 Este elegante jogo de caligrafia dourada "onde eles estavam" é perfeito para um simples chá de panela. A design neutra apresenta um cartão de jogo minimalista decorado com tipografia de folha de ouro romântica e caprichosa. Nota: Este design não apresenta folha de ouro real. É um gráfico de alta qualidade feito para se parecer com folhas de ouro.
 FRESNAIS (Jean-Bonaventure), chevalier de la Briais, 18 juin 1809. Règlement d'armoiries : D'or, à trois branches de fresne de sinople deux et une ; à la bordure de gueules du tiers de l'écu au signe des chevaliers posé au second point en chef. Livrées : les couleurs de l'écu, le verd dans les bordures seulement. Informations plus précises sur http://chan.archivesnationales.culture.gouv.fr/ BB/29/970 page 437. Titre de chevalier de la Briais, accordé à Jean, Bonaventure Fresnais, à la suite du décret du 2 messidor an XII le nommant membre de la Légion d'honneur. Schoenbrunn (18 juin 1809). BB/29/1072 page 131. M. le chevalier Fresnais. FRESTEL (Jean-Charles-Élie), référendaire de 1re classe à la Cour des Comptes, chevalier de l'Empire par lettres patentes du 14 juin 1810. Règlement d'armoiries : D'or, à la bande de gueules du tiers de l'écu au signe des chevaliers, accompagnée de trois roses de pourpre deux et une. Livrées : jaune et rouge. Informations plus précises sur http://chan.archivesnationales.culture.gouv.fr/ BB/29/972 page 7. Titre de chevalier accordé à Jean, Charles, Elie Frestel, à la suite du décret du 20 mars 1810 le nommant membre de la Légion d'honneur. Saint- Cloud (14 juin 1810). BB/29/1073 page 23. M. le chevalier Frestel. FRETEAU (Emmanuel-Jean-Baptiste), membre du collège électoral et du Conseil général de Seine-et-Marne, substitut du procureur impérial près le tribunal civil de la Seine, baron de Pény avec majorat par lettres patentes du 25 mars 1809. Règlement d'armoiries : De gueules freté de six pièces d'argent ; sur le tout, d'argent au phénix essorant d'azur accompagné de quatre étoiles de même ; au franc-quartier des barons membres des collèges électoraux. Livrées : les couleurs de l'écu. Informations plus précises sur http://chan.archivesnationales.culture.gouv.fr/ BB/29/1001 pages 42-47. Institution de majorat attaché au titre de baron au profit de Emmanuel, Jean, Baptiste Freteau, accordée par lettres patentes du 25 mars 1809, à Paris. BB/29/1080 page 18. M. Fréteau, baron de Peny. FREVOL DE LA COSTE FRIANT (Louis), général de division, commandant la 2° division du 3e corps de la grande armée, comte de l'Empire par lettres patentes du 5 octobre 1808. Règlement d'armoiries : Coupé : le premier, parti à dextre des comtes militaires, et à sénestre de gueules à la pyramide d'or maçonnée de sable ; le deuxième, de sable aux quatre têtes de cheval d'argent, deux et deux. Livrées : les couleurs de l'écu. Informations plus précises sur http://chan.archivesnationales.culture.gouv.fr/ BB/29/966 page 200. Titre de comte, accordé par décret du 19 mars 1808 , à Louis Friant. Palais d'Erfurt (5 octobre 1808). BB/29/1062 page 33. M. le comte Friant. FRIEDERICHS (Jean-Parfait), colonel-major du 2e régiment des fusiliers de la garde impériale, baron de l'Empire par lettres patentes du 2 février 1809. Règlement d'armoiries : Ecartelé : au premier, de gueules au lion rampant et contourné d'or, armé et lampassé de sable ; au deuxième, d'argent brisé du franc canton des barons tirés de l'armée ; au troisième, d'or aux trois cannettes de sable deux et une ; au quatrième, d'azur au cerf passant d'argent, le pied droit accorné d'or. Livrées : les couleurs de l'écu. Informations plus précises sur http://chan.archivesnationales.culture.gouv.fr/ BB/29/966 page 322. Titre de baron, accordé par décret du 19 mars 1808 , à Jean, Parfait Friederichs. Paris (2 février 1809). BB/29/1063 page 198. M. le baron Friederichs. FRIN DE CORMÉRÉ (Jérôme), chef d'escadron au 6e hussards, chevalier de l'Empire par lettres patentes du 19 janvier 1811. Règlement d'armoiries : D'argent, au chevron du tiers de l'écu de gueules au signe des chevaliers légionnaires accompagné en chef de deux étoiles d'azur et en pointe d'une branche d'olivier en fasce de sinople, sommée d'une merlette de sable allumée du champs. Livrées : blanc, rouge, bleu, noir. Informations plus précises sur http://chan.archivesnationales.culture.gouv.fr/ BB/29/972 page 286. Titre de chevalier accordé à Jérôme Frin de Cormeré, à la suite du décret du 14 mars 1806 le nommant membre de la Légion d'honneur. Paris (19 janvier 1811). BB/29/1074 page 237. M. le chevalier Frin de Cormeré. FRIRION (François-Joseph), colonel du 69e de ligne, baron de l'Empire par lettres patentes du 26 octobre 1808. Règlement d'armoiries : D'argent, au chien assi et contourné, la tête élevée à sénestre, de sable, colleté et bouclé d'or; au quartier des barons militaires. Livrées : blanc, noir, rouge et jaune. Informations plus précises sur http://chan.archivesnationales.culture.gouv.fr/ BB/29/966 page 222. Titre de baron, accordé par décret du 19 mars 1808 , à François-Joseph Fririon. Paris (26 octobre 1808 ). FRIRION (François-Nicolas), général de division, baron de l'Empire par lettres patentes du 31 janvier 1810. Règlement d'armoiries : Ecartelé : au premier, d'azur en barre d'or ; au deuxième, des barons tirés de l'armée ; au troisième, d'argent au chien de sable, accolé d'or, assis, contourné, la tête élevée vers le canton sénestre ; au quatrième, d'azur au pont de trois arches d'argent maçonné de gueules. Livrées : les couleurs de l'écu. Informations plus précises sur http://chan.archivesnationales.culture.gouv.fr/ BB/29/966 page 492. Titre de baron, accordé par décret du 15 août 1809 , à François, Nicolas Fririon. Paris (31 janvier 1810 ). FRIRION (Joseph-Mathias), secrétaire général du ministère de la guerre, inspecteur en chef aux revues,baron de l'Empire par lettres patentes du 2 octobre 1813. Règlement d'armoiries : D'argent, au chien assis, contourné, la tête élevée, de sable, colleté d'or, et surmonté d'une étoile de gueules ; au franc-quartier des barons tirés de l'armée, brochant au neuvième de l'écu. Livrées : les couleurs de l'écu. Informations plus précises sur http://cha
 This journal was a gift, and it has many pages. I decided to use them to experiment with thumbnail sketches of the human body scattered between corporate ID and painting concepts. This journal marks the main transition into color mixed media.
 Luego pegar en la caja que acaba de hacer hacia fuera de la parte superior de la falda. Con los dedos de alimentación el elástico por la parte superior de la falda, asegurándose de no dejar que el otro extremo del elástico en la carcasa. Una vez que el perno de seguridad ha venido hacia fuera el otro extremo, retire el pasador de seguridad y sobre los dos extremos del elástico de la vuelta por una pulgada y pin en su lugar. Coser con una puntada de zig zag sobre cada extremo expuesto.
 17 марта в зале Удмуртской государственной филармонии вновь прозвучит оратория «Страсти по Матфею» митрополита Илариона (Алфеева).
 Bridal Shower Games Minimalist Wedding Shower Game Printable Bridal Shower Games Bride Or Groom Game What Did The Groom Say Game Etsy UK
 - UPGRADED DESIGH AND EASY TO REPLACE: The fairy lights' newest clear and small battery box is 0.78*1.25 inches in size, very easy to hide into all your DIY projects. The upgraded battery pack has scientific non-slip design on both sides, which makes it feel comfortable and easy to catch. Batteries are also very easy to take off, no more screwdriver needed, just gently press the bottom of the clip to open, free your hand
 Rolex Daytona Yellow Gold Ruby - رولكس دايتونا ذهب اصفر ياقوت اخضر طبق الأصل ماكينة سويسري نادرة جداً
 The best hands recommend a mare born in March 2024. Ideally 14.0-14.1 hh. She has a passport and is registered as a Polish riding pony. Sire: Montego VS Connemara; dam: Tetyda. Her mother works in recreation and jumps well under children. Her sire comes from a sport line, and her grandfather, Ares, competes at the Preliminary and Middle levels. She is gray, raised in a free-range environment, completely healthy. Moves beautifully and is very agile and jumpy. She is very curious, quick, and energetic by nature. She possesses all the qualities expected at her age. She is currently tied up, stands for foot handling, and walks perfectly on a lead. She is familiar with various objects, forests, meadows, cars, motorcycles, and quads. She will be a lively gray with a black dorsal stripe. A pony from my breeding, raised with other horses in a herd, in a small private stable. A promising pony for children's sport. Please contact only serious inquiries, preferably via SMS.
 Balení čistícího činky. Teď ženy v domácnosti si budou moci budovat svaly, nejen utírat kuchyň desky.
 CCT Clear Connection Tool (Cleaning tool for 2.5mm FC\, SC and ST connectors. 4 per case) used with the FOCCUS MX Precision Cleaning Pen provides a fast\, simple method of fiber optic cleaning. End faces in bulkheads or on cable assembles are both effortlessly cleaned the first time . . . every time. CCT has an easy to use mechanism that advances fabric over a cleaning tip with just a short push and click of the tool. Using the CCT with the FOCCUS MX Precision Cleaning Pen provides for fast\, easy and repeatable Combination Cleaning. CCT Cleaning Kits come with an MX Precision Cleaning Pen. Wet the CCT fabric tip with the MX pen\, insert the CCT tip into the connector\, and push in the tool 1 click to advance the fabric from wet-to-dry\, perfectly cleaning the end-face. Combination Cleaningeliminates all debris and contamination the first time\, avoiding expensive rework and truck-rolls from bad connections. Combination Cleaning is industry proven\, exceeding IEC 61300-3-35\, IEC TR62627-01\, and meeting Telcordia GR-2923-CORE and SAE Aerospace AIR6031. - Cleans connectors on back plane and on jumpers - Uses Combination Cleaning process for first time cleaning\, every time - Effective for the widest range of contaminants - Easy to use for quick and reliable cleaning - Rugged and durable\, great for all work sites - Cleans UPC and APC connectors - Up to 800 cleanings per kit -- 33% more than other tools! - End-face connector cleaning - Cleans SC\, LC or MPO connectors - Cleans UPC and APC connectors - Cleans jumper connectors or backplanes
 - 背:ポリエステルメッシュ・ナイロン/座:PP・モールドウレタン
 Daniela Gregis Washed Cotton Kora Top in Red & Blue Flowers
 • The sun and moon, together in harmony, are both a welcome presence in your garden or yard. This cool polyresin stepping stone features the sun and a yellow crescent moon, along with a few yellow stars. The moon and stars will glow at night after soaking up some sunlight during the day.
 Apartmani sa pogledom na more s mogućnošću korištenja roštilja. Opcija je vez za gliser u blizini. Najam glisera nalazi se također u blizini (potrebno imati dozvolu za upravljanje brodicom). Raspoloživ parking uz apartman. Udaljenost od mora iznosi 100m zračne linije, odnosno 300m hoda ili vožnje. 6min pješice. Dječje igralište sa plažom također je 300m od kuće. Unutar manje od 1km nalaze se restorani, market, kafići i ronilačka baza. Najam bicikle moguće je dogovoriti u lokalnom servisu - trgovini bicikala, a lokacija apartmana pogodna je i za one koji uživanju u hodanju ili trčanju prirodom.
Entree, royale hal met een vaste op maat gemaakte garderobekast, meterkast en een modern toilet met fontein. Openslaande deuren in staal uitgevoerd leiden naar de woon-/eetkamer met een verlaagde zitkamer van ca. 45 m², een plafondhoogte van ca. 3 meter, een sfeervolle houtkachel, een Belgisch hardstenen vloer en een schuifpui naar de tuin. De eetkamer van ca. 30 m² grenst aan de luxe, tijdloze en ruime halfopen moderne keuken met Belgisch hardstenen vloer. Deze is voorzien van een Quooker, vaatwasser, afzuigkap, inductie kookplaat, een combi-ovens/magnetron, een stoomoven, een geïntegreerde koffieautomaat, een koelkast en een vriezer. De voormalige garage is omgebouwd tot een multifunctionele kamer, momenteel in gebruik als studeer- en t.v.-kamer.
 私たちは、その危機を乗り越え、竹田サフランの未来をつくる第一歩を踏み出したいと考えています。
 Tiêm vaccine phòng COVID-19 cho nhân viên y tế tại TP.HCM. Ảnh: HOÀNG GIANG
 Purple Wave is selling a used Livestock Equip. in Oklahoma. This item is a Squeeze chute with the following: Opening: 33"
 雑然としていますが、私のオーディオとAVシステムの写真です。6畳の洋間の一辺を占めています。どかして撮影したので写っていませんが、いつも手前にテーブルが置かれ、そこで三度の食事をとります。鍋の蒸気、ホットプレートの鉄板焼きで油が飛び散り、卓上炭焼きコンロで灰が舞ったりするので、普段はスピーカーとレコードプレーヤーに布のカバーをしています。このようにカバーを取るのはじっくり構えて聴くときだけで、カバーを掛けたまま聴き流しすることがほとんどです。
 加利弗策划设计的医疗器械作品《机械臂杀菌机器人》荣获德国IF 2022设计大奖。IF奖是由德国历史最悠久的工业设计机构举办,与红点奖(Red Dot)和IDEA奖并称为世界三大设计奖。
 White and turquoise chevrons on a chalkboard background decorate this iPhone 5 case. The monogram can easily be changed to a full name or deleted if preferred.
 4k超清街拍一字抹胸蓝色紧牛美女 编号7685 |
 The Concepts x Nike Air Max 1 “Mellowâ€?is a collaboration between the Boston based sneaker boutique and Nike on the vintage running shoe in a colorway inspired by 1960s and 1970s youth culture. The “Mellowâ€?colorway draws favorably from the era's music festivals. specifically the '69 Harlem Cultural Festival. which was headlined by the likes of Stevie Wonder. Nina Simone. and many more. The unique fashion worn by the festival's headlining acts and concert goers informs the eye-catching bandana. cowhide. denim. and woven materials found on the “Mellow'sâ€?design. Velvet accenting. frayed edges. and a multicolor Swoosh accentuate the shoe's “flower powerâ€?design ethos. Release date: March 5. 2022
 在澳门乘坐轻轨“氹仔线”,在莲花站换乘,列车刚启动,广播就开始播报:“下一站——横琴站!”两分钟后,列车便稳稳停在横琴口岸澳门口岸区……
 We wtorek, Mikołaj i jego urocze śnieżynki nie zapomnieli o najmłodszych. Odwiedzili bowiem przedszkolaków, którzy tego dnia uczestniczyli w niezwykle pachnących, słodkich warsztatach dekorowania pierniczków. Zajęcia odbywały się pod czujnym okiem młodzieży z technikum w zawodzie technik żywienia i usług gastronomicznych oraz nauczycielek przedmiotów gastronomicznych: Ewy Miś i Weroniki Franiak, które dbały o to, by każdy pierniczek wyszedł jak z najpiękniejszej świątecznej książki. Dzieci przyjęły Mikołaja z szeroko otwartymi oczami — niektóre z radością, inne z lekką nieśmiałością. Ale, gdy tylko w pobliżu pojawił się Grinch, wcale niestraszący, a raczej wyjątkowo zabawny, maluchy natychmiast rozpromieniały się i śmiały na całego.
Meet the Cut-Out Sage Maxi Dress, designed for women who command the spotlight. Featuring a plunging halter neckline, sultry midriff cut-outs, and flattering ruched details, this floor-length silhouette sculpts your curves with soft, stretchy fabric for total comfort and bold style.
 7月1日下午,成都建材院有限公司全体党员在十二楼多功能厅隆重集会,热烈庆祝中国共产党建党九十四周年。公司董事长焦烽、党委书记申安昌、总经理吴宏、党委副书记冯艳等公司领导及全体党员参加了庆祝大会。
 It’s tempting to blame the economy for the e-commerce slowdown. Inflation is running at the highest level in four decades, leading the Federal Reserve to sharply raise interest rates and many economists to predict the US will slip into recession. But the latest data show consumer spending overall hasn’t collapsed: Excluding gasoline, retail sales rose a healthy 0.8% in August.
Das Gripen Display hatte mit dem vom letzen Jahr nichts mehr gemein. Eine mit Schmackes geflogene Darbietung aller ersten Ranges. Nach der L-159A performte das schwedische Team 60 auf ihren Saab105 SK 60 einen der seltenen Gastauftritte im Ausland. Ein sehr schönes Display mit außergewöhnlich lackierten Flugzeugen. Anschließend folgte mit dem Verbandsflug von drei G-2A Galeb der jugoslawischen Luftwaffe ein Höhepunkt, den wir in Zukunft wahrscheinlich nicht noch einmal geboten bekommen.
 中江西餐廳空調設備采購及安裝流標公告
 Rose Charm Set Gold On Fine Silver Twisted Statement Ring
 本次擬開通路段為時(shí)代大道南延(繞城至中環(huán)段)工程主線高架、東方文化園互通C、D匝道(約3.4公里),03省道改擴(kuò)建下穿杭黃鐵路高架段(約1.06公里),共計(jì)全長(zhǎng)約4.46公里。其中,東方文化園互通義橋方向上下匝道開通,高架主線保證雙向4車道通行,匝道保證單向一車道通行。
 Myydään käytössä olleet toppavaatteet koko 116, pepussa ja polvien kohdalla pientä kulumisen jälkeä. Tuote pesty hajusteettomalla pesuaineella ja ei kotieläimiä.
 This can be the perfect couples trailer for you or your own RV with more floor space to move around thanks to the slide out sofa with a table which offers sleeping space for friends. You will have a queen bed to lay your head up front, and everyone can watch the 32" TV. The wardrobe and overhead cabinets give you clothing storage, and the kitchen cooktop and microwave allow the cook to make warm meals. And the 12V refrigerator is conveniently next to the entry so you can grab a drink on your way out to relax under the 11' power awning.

----------------

(Directions for this task) Which lines above run from the one containing "Entree, royale hal" to the one containing "4k超清街拍一字抹胸蓝色紧牛美女 编号7685 |"? Give them again exactly, both ends included.

(The answer)
Entree, royale hal met een vaste op maat gemaakte garderobekast, meterkast en een modern toilet met fontein. Openslaande deuren in staal uitgevoerd leiden naar de woon-/eetkamer met een verlaagde zitkamer van ca. 45 m², een plafondhoogte van ca. 3 meter, een sfeervolle houtkachel, een Belgisch hardstenen vloer en een schuifpui naar de tuin. De eetkamer van ca. 30 m² grenst aan de luxe, tijdloze en ruime halfopen moderne keuken met Belgisch hardstenen vloer. Deze is voorzien van een Quooker, vaatwasser, afzuigkap, inductie kookplaat, een combi-ovens/magnetron, een stoomoven, een geïntegreerde koffieautomaat, een koelkast en een vriezer. De voormalige garage is omgebouwd tot een multifunctionele kamer, momenteel in gebruik als studeer- en t.v.-kamer.
 私たちは、その危機を乗り越え、竹田サフランの未来をつくる第一歩を踏み出したいと考えています。
 Tiêm vaccine phòng COVID-19 cho nhân viên y tế tại TP.HCM. Ảnh: HOÀNG GIANG
 Purple Wave is selling a used Livestock Equip. in Oklahoma. This item is a Squeeze chute with the following: Opening: 33"
 雑然としていますが、私のオーディオとAVシステムの写真です。6畳の洋間の一辺を占めています。どかして撮影したので写っていませんが、いつも手前にテーブルが置かれ、そこで三度の食事をとります。鍋の蒸気、ホットプレートの鉄板焼きで油が飛び散り、卓上炭焼きコンロで灰が舞ったりするので、普段はスピーカーとレコードプレーヤーに布のカバーをしています。このようにカバーを取るのはじっくり構えて聴くときだけで、カバーを掛けたまま聴き流しすることがほとんどです。
 加利弗策划设计的医疗器械作品《机械臂杀菌机器人》荣获德国IF 2022设计大奖。IF奖是由德国历史最悠久的工业设计机构举办,与红点奖(Red Dot)和IDEA奖并称为世界三大设计奖。
 White and turquoise chevrons on a chalkboard background decorate this iPhone 5 case. The monogram can easily be changed to a full name or deleted if preferred.
 4k超清街拍一字抹胸蓝色紧牛美女 编号7685 |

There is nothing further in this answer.